Japanese automakers have scored some early successes in that effort.  According to a roundup by Asahi Shimbun, Honda plans to recycle rare earth components from nickel-metal hydride batteries used in hybrid cars, and Panasonic has instituted a similar recycling program for home electric appliances.  TDK Corp. has developed a magnet with the rare earth element dysprosium painted onto the surface, rather than blended into the magnetic material itself, achieving the same effect.  In possibly the most significant development, in early 2012, Reuters reported that Toyota “has developed a way to make hybrid and electric vehicles without the use of expensive rare earth metals, in which China has a near monopoly.”  No specifics were given.

Around 60% of China’s rare earths supply goes to Japan, much of it to the major Japanese automakers.

Chinese Takeover

The growing likelihood of recycling and substitution programs has lessened the possibility of a global rare earths shortage – which the new DOE institute is being created to avoid – and has driven prices for lanthanum, cerium, terbium, and other rare earth elements off their record highs of 2011-2012.  That in turn has undermined the strategy of Molycorp, the Denver-based mining company that, in 2011, re-opened the Mountain Pass mine on the Nevada-California border, once the world’s largest supplier of rare earths.  Molycorp’s 2010 IPO was among the most successful public offerings of that year, but its stock has plummeted from its early 2012 highs to below $10 a share.  Molycorp investors lost some $600 million in market capitalization in 2012, the company’s CEO Mark Smith departed under a cloud, and the company is now the subject of a federal investigation into its public disclosures.  Bloomberg News reported in late 2012 that the company is now a likely takeover target – possibly by Chinese interests such as industrial giant Baotou Steel Rare Earth.
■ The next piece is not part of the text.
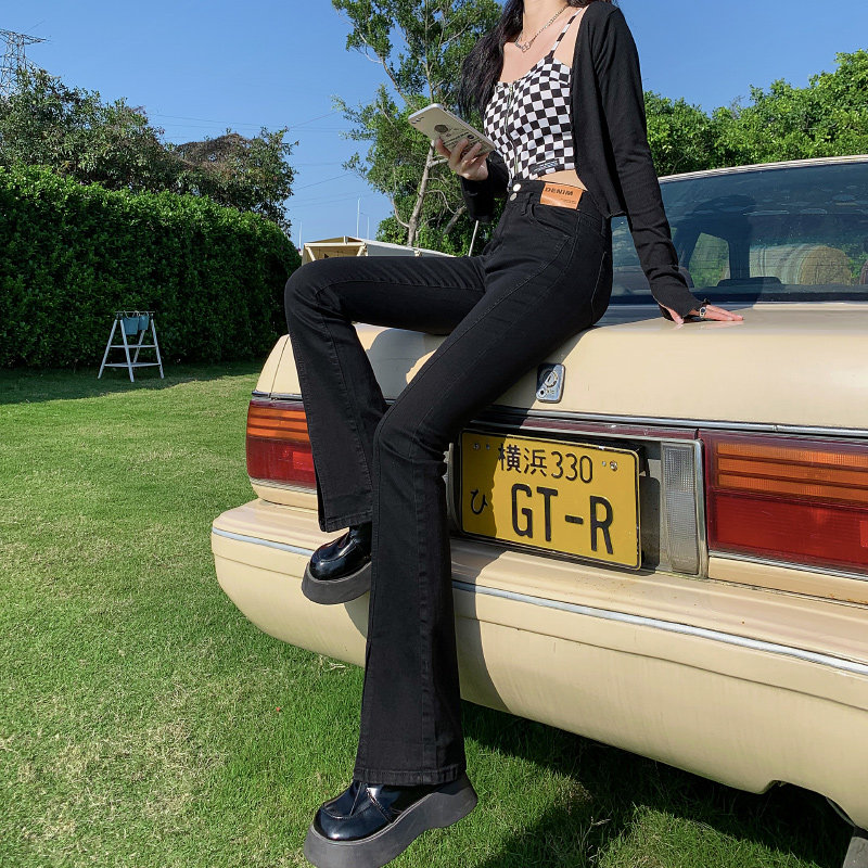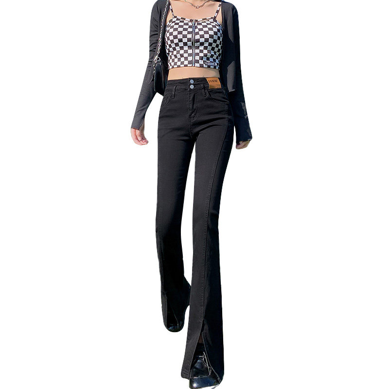 黑色开叉微喇牛仔裤女秋冬2025年新款高腰修身显瘦春秋拖地喇叭裤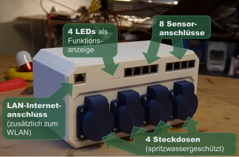 Individuell steuerbare und spritzwassergeschützte Steckdosen

All of this turmoil makes the mission of the new Critical Materials Institute murkier, but it doesn’t lessen the need for a U.S. reaction to China’s mercantilist policies regarding its rare earth elements export industry.  Proponents of advanced nuclear power also point to another reason to support U.S. efforts to secure a reliable supply of rare earths: many of the elements are found in monazite, an ore that also carries high concentrations of thorium – the radioactive element that could provide a safer, cleaner, and more abundant alternative to uranium for a new generation of nuclear reactors.

The most direct solution to the international rare earths imbroglio, of course, would be to find new supplies that are economical to recover and process.  In June, Japanese geologists reported that they had found a huge, previously undiscovered rare earths deposit.  The only problem with that is that the deposits are under the ocean, about 1200 miles off the coast of Tokyo.